The final report will paint a picture of the situation in the Spanish Church, and include suggestions to improve its response to abuse cases. No guarantees of compensation have been made, although Cremades did say: “We are only just beginning, but could anybody think, from a legal perspective, that if we identify damages there won’t be compensation?”
The Church in Spain has been accused of dragging its feet, and only setting up this commission after left-wing parties threatened to launch a parliamentary inquiry. But Cardinal Omella said, at the press conference, that the Church “wants to fulfil its obligation of social transparency, to help and compensate the victims, and to cooperate with the authorities on cases of sexual abuse that affect the Spanish Church”.
The bishop of the Canary Islands, however, has asked that the issue of sexual abuse in Spain not be seen as a Church problem.

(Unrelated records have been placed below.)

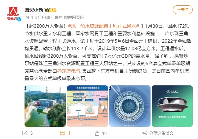 【超3200万人受益!#珠三角水资源配置工程正式通水#】1月30日,国家172项节水供水重大水利工程、国家水网骨干工程和重要水利基础设施——广东珠三角水资源配置工程正式通水。该工程于2019年5月6日全面开工建设,2022年全线盾构贯通,输水线路全长113.2千米,设计年供水量17.08亿立方米。工程通水后,输水沿线超3200万人受益,可支撑约1.7万亿元GDP的需水量。据了解 ,高新沙泵站是珠江三角洲水资源配置工程三大泵站之一,其装设的6台套立式单级单吸蜗壳离心泵全部由@PA视讯在线官网集团旗下PA视讯在线官网电机自主研制供货,是目前国内单机流量最大的立式单级单吸离心泵。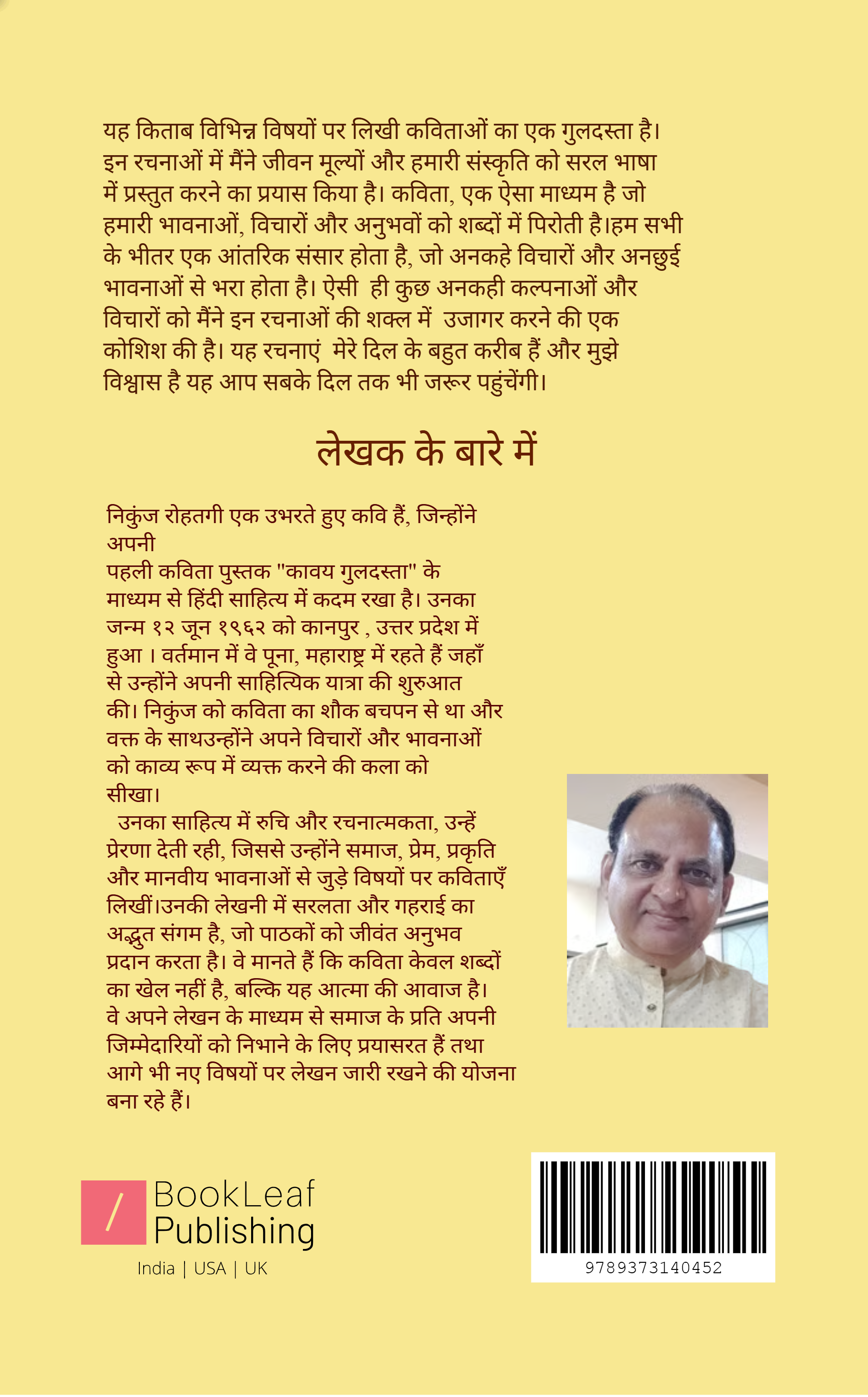 यह किताब विभिन्न विषयों पर लिखी कविताओं का एक गुलदस्ता है। इन रचनाओं में मैंने जीवन मूल्यों और हमारी संस्कृति को सरल भाषा में प्रस्तुत करने का प्रयास किया है। कविता, एक ऐसा माध्यम है जो हमारी भावनाओं, विचारों और अनुभवों को शब्दों में पिरोती है।हम सभी के भीतर एक आंतरिक संसार होता है, जो अनकहे विचारों और अनछुई भावनाओं से भरा होता है। ऐसी ही कुछ अनकही कल्पनाओं और विचारों को मैंने इन रचनाओं की शक्ल में उजागर करने की एक कोशिश की है। यह रचनाएं मेरे दिल के बहुत करीब हैं और मुझे विश्वास है यह आप सबके दिल तक भी जरूर पहुंचेंगी।
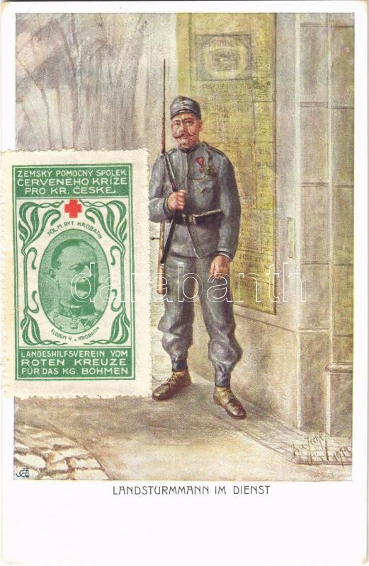 Landsturmmann im Dienst / WWI Austro-Hungarian K.u.K. military art postcard, support fund. Offizielle Karte des Kriegshilfsbüros Invaliden-Hilfsaktion Nr. 21-2. artist signed
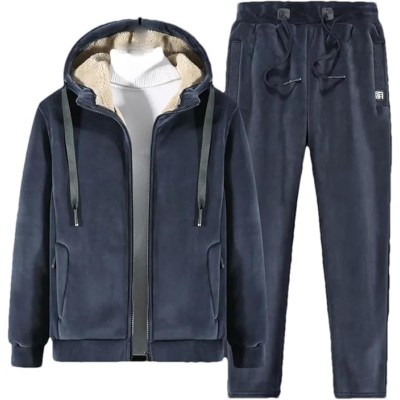 2 Pieces Sets Tracksuit Men Autumn Winter Thick Hooded Sweatshirt Coat+Pants Male Fleece Thick Sets
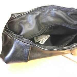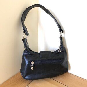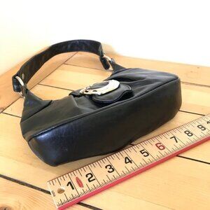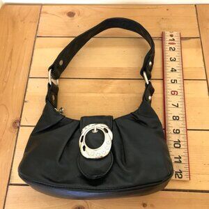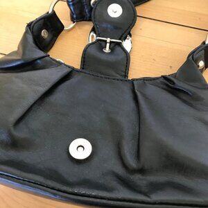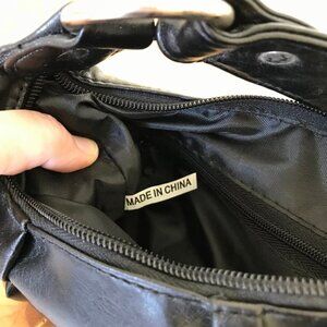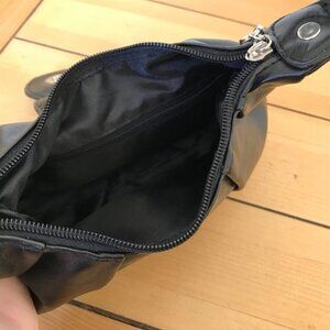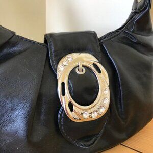 Black faux leather mini bag has silver-tone decorative buckle with rhinestone accents. Magnetic closure with top zipper, small inner zip pocket and outer zip pocket on the back of bag. 10 long x 5 tall x 2 1/2 thick. Strap is 15 long. Very good condition, appears unused.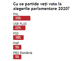 - 35% dintre respondenți au spus că vor vota cu PNL, 23% cu USR PLUS, 18% cu PSD, 5% cu PMP și un procent similar cu PRO România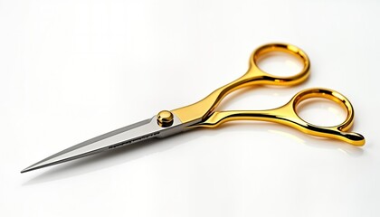 Pair of sharp metal scissors with golden handles. Tools for cutting hair fabric. High-quality equipment for professionals. Symmetrical design. Isolated object on white background. Elegant, precise

José Mazuelos asks if the current narrative is aimed at “eliminating this social scourge” or merely “lashing out at the Church”.
“Investigate everything, not just the Church”, he asks, insisting that the Church is not hiding cases. “Several people have been convicted, and they are currently in jail. The thing is, they want to show that there are more cases than actually exist. If this is all there is, then it is all there is, we’re not hiding anything”.
A member of the Spanish Government has meanwhile accused the Spanish judicial system of being complicit in coverups of sexual abuse by clergy. Victoria Rosell, state delegate for Gender Violence in Spain, who left her position as a judge to run for office with the far-left Podemos party, told a news programme that she had experienced pressure to dismiss such cases, with veiled threats such as “you know what to expect if you proceed”.